The evolution of the transient a µ and b OCP voltages over 2-h sliding cycles under OCP conditions

Regarding open-circuit potential (OCP), in the pre-sliding stage, CoCrMo in saline exhibited the highest (more noble) OCP at above − 0.25 V followed by DMEM and both 25% FBS-containing electrolytes, which had less than − 0.33 V. When sliding started, all samples had a spontaneous reduction in the OCP voltages due to the de-passivation process and then followed by the gradual increase until reaching some points on the voltages due to re-passivation. Interestingly, different electrolytes showed various trends; the sliding OCP in saline were still significantly lower than the pre-sliding condition at − 0.40 V at start with slightly decreased until the end of sliding. The sliding OCP in 25% FBS + PBS were seen to be recovered back to the state, whereas like the pre-sliding voltages, at around − 0.36 V with gradual decreased until the sliding stopped. In the contrary, DMEM and 25% FBS + DMEM showed higher sliding OCP voltages compared to the trends during pre-sliding. However, the samples in 25% FBS + DMEM (− 0.36 V) had similar trend with the 25% FBS + PBS sample, in which did not show re-passivation OCP as significant as in the pure DMEM solution (− 0.26 V) during sliding. After the sliding stopped, OCP voltages in all electrolytes had a spontaneous increase reaching points even significantly higher (more noble) compared to the pre-sliding voltages.

3.2 Electrochemical Loss

Table 2 presents the average \(I_{{\text{corr}}}\) values through LPR measurements during both static and sliding test conditions. The plotted \(I_{{\text{corr}}}\) values against time were represented in the style of Fig. 4c, which has been visualized in the previous study [11]. The \(I_{{\text{corr}}}\) values after 500 s of the samples immersion in saline was the highest, followed by DMEM samples. These two electrolytes had significantly higher \(I_{{\text{corr}}}\) values compared to the 25% FBS + PBS and 25% FBS + DMEM samples. A similar trend was seen during the sliding condition, with the \(I_{{\text{corr}}}\) values in saline were always the highest reaching 4.42 ± 0.93 µA.cm−2 after 4,260 cycles. The \(I_{{\text{corr}}}\) values in DMEM samples at sliding were seen to be significantly lower than the saline, however, higher compared to both 25% FBS-containing electrolytes. It seems that the 25% FBS + DMEM results overall were significantly lower than DMEM due to the FBS dilution. No statistical difference was found in the results between 25% FBS + PBS and 25% FBS + DMEM. After 500 s following to the sliding stopped, no significant difference was seen in the \(I_{{\text{corr}}}\) values between saline, DMEM and 25% FBS + DMEM. However, the three electrolytes’ \(I_{{\text{corr}}}\) values were still significantly higher than the 25% FBS + PBS result at the static post-sliding condition.

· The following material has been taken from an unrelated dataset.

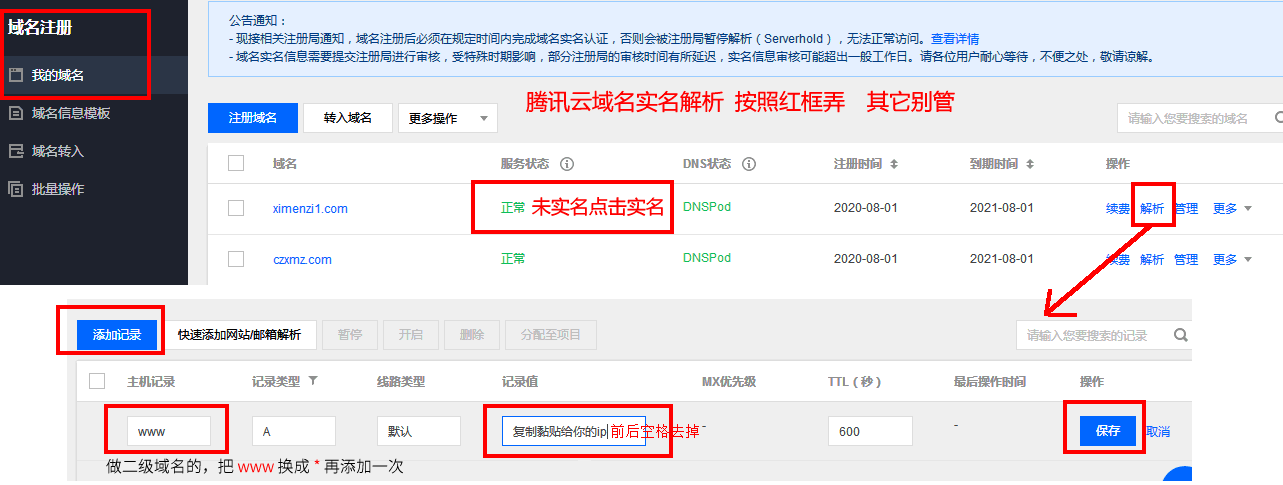阿里云域名解析示意圖 騰訊云域名解析實名認證示意圖 實名認證通過解析才能生效。

Table 2 The average \(I_{{\text{corr}}}\) values calculated from the LPR measurements during tribocorrosion tests

These trends obviously reflected the charge transfer results, as well as wear-enhanced corrosion calculated. The charge transfer over 2-h tribocorrosion test in saline were significantly the highest than all organic-containing electrolytes, reaching (109.01 ± 22.49) × 103 C. The charge transfer from DMEM samples were found to be statistically below the saline values, yet higher compared to both 25% FBS-containing electrolytes. This order aligned with the wear-enhanced corrosion loss results. However, the pure corrosion loss trend was in line with the \(I_{{\text{corr}}}\) values obtained after 500-s post-sliding immersion. There was no significant difference in the \(C_0\) values between saline, DMEM, and 25% FBS + DMEM, whereas the results were still statistically higher compared to the 25% FBS + PBS.

3.3 Total Volume Loss

Figure 6 compares the total volume loss (\(V_{{\text{total}}}\)) at the OCP condition and its conversion into specific wear rate (\(SWR\)) on CoCrMo after 2 h of tribocorrosion testing in all electrolytes, as previously reported. The \(V_{{\text{total}}}\) in saline electrolyte (6.77 ± 0.91) × 106 µm3 was the highest after 2 h of sliding compared to the organic-containing electrolytes. A gradual increase in \(V_{{\text{total}}}\) was observed in 25% FBS + PBS compared to the DMEM sample, while no significant difference was found between \(V_{{\text{total}}}\) in samples tested with 25% FBS + PBS and 25% FBS + DMEM. These \(V_{{\text{total}}}\) values will later be split into the four components of volume loss to observe tribocorrosive degradation behavior in each electrolyte as explained earlier.

Fig. 6
figure 6

Total volume loss (\(V_{{\text{total}}}\)) and \({\text{SWR}}\) of the wear scar on CoCrMo in all electrolytes over the 2-h tribocorrosion tests at OCP (n = 3; SD bar; *p < 0.05)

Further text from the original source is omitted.